# Altering a Milling Machine Table



## Tony Bird (Oct 16, 2013)

Hi,

About thirty years ago I built a Dore Westbury milling machining from part machined castings. It has given excellent service since its only problem is the design of the 'T' slots on its table, not having any full length longitudinal slots, clamps often had to be used to hold a lot of machine vices, rotary tables etc. that were fitted to the table Recently a member of my model club who looks after its workshop bought a similar second hand mill, he couldn't put up with the inconvenience of not being able to just bolt things to the table. He connected the two short longitudinal 'T' to make one. Following photographs show the operation. 

Mill as original. 














Model club workshop. 










Eddie's weapon of choice the Baron Max. 








First Cut.




Eddie checking depth.




Last end mill cut.




'T milling cutter.




 Photobucket seems to me playing up so I will close and continue on a another post.

Regards Tony.


----------



## Tony Bird (Oct 16, 2013)

Hi,

Last two photographs of the completed milling table.
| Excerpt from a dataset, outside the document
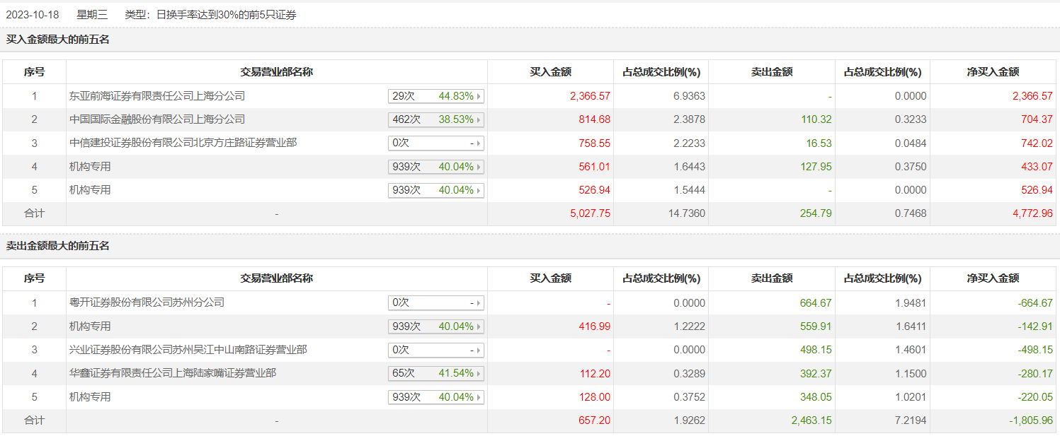 北方长龙10月18日涨6.21%,全天换手率达37.27%,振幅达11.21%。龙虎榜数据显示,营业部席位合计净买入2967.0万元。其中,机构买入1632.95万元,卖出1035.91万元,合计净买入597.04万元。此外,东亚前海证券上海分公司、中国国际金融上海分公司分别买入2366.57万元、814.68万元;粤开证券苏州分公司、兴业证券苏州吴江中山南路证券营业部分别卖出664.67万元、498.15万元。
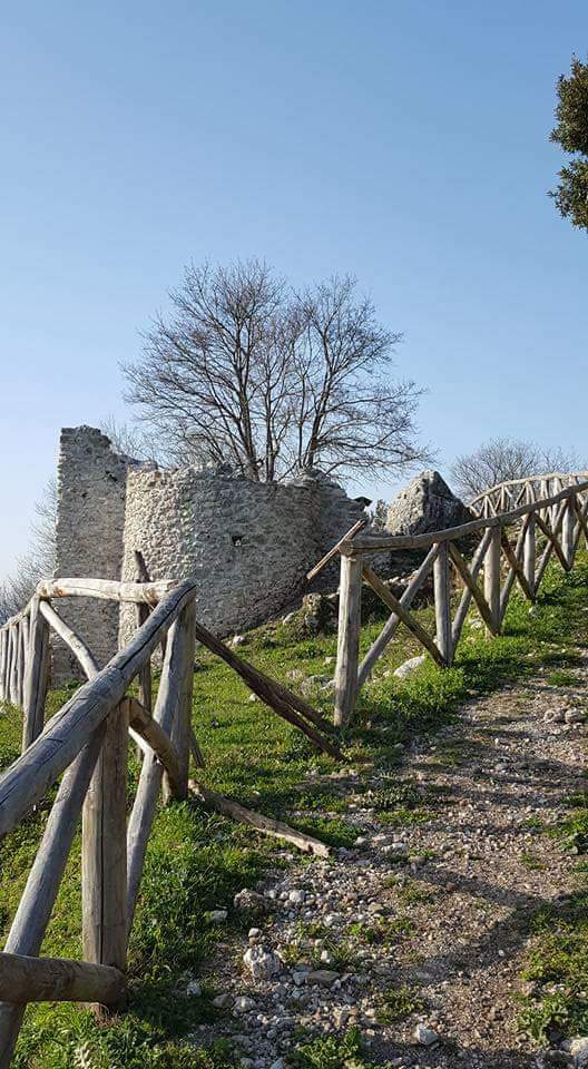 LA STRUTTURA – La fortezza era contornata da una triplice cinta muraria di cui la prima ancora individuabile da alcuni frammenti inglobati nell’attuale urbanizzazione; la seconda, a mezza costa, presenta ancora intatte le torri di guardia e l’ingresso al Castrum; la terza con due torri quadrangolari era posta a custodia del nucleo centrale edificato a massima altezza.

Which now should be a lot quicker to set up.










Regards Tony.


----------



## Nicolas (Oct 25, 2013)

That is a amazing club workshop 
I could only dream of owning a Super 7 with the gearbox, they are so rare in New Zealand.


----------



## Tony Bird (Oct 26, 2013)

Hi Nicolas,

Yes the club is very fortunate, it is difficult to beat the old Super 7.  Nearly 40 years ago with an unexpected legacy I bought a Super 7B with a gear box and powered cross slide and have never regretted it.

Regards Tony.


----------